Given data Start Marker

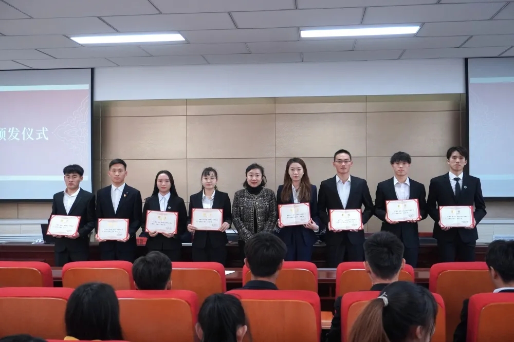 首先,由严津老师宣读第十八届团委、学生会、易班工作站、体质测试服务部各部人员聘用名单。随后,严津老师、彭飞翔老师、韩朝一老师依次给主席团成员、团委副书记、各部门主要负责人、负责人颁发聘书。
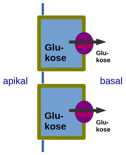 Die Aufgabe von GLUT-2 in der Dünndarmschleimhaut ist es normalerweise, die über SGLT1 und GLUT-5 aus dem Darmlumen aufgenommenen Glucose-, Galactose- und Fructosemoleküle ins Blut zu schleusen. Jedoch wird GLUT-2 bei hohem Glucoseanteil der Nahrung auch apical (ins Darmlumen) lokalisiert und erhöht so die Glucoseaufnahme durch Diffusion. Ähnlich zu SGLT1 resorbiert GLUT-2 in den Nieren Glucose zurück.[4][5]
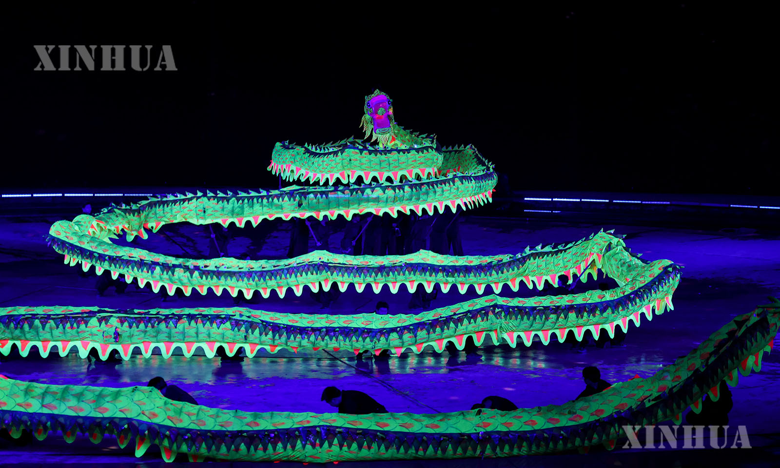 图说5:这是12月6日在铜梁区玄天湖龙舞广场拍摄的《追梦·铜梁龙》演出现场。新华社记者 黄伟 摄
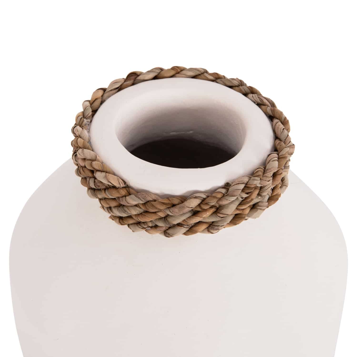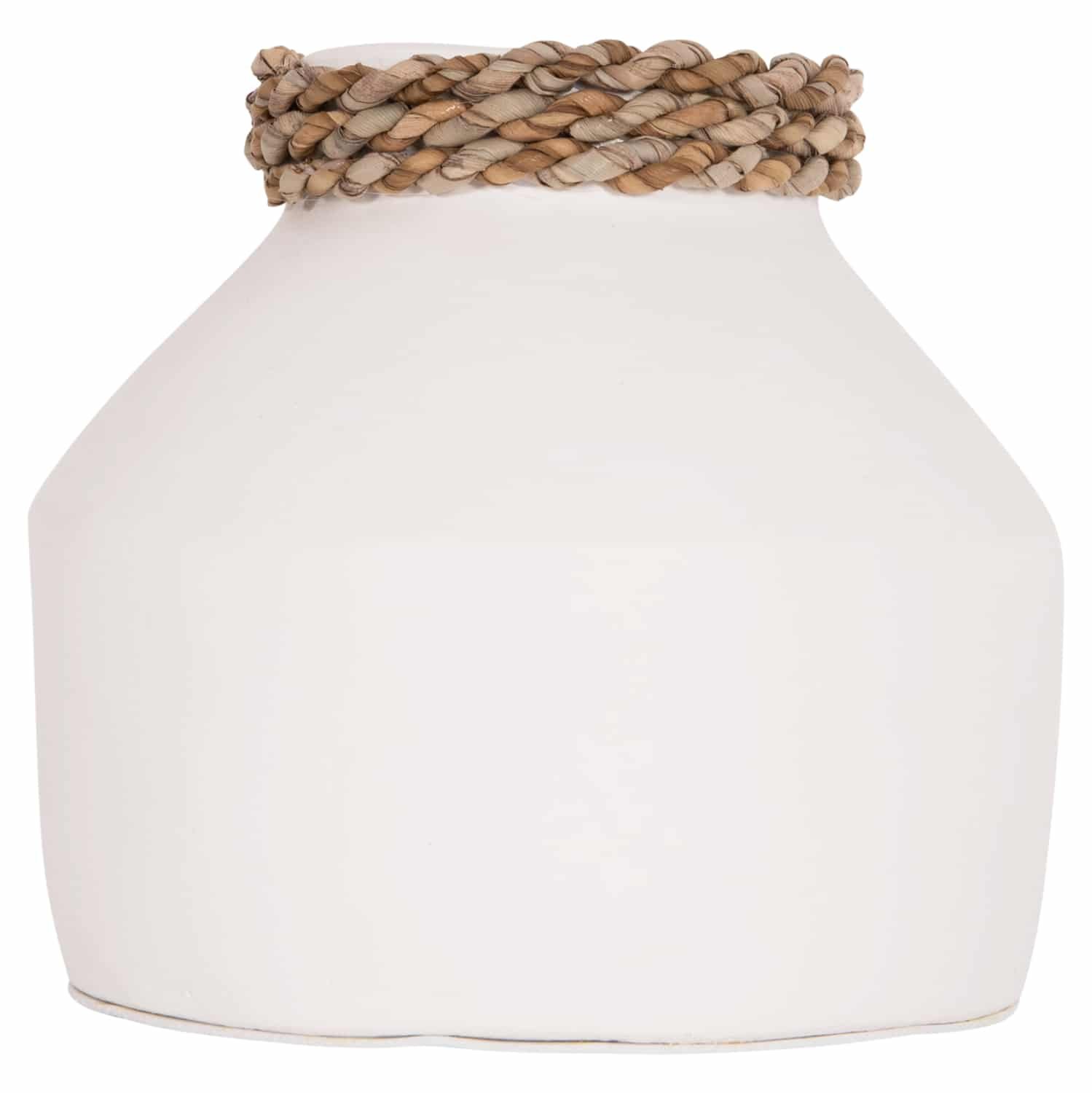 Το επιτραπέζιο χειροποίητο διακοσμητικό βάζο CAMMER είναι κατασκευασμένο εξολοκλήρου από τερακότα σε ΛΕΥΚΟ χρώμα ενώ διαθέτει διακοσμητική πλέξη από seagrass περιμετρικά στον «λαιμό» του βάζου. Ιδανικό για πληθώρα χώρων, τόσο για το σπίτι, όσο και για επαγγελματικούς χώρους.
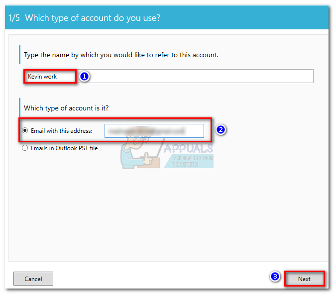 - Start the application and insert a name that will be used for your account reference. Then, select Email with this address and insert your email from where you want to print the emails. Finally, hit Next to proceed.
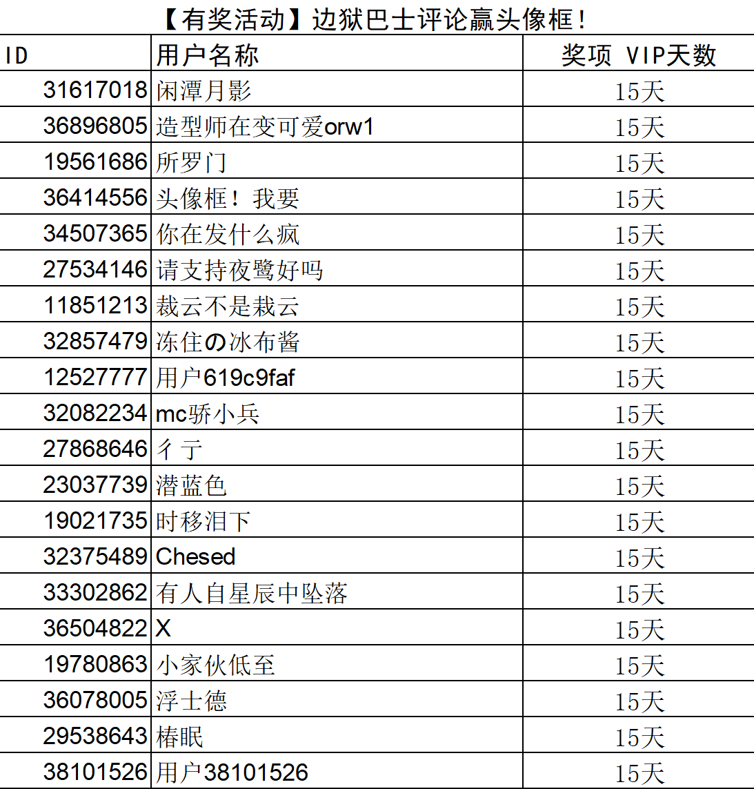 【获奖名单】边狱巴士评论活动
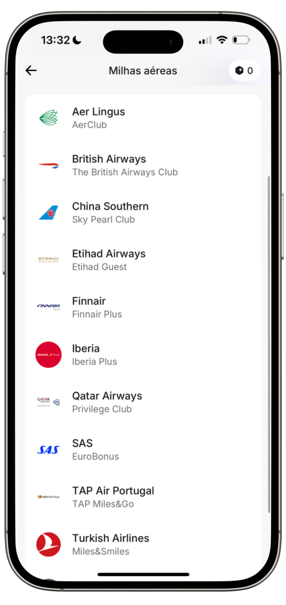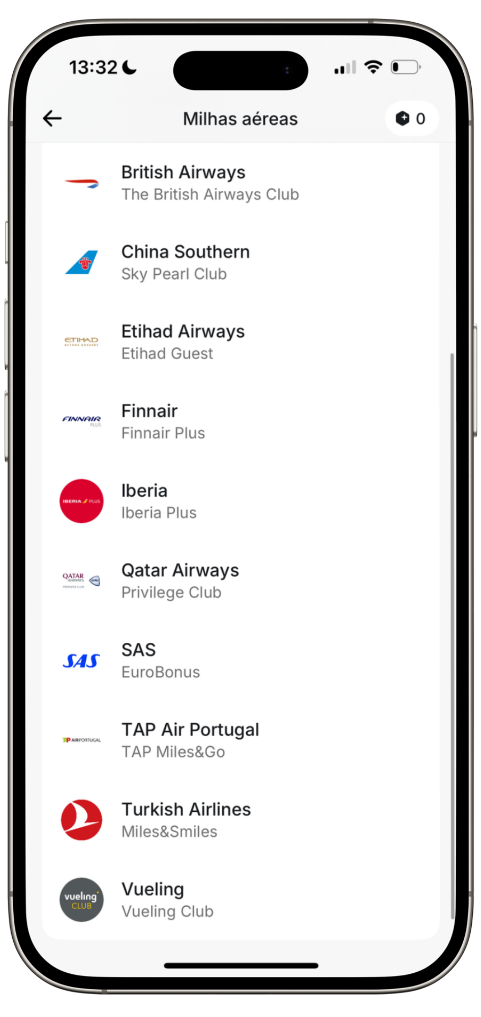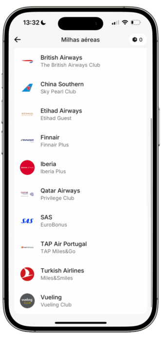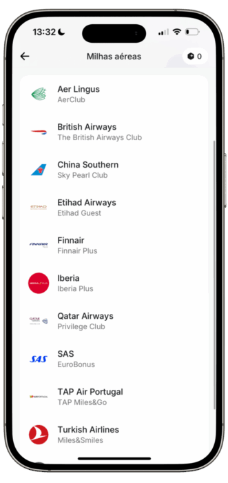 Entre os parceiros disponíveis para transferência de pontos estão: Iberia Club, The British Airways Club, Qatar Airways Privilege Club, TAP Miles&Go, Finnair Plus, Turkish Airlines Miles&Smiles, Aer Lingus AerClub, Vueling Club, SAS EuroBonus, China Southern e Etihad Guest. Para transferir, basta acessar a aba “RevPoints” na página inicial e selecionar um dos parceiros disponíveis.
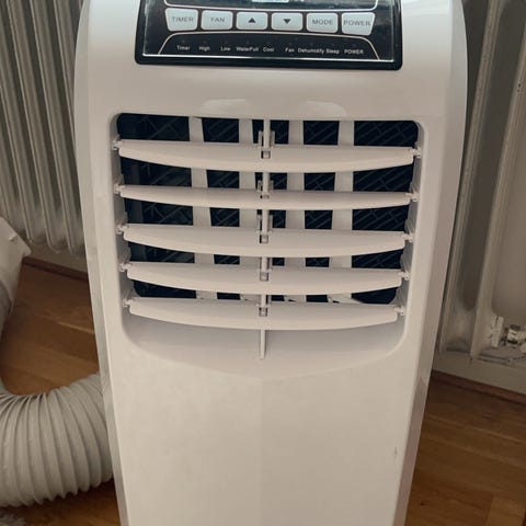 Portabel luftkonditionering i vit färg med svart toppanel. Enheten har frontgaller med justerbara lameller för luftutblås och är ansluten till en flexibel slang för varmluftsutsläpp genom fönster eller vägg. Ovanpå finns en digital kontrollpanel med knappar för olika funktioner och inställningar. Passar för inomhusbruk i bostad eller kontor där flyttbar kylning önskas. Dränerings- och ventilationsslang ansluts på baksidan av enheten.
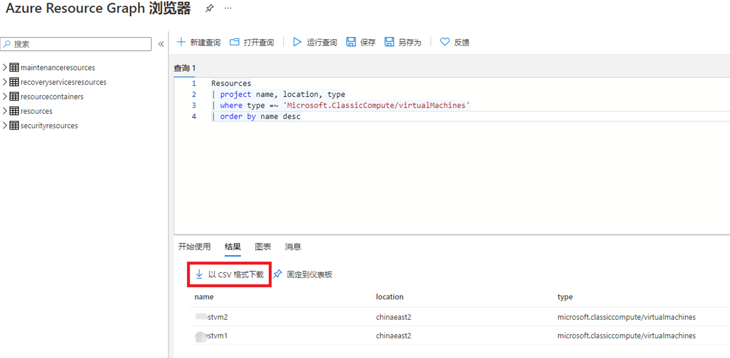 附录一:在Azure 门户中使用Azure Resource Graph快速查看经典虚拟机列表(无代码),然后另存为本地文件。
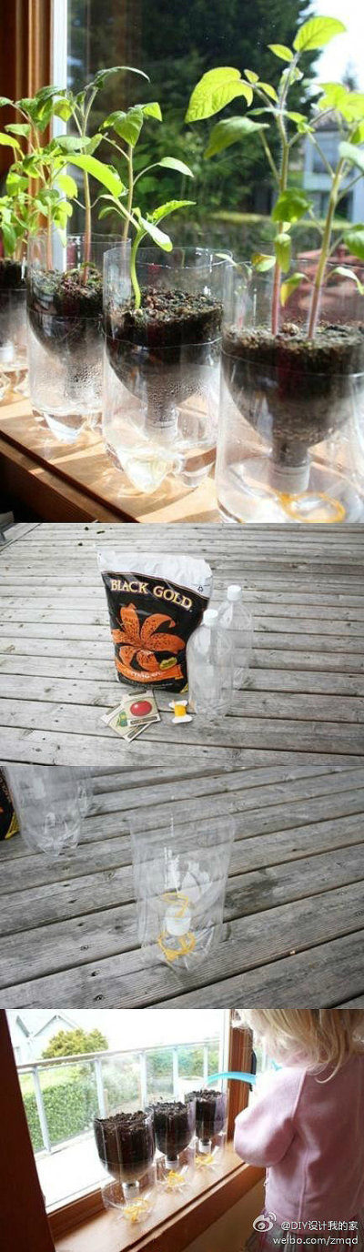 创意花盆——将 30 ~ 45 公分的绳子折成两半打结,如此一来,两端的绳头就可以利用“虹吸式原理”将瓶底的水吸进土壤里,保持土壤的湿度。最后在将土和种子装入宝特瓶內,这样就可以让瓶底的水通过绳子自动吸收水分了。

Given data End Marker

:: Task directions ::
When you reach the line that contains "附录一:在Azure 门户中使用Azure Resource", start reproducing, and continue word for word to the end of the records; skip all pictures.

:: Expected answer ::
 附录一:在Azure 门户中使用Azure Resource Graph快速查看经典虚拟机列表(无代码),然后另存为本地文件。
 创意花盆——将 30 ~ 45 公分的绳子折成两半打结,如此一来,两端的绳头就可以利用“虹吸式原理”将瓶底的水吸进土壤里,保持土壤的湿度。最后在将土和种子装入宝特瓶內,这样就可以让瓶底的水通过绳子自动吸收水分了。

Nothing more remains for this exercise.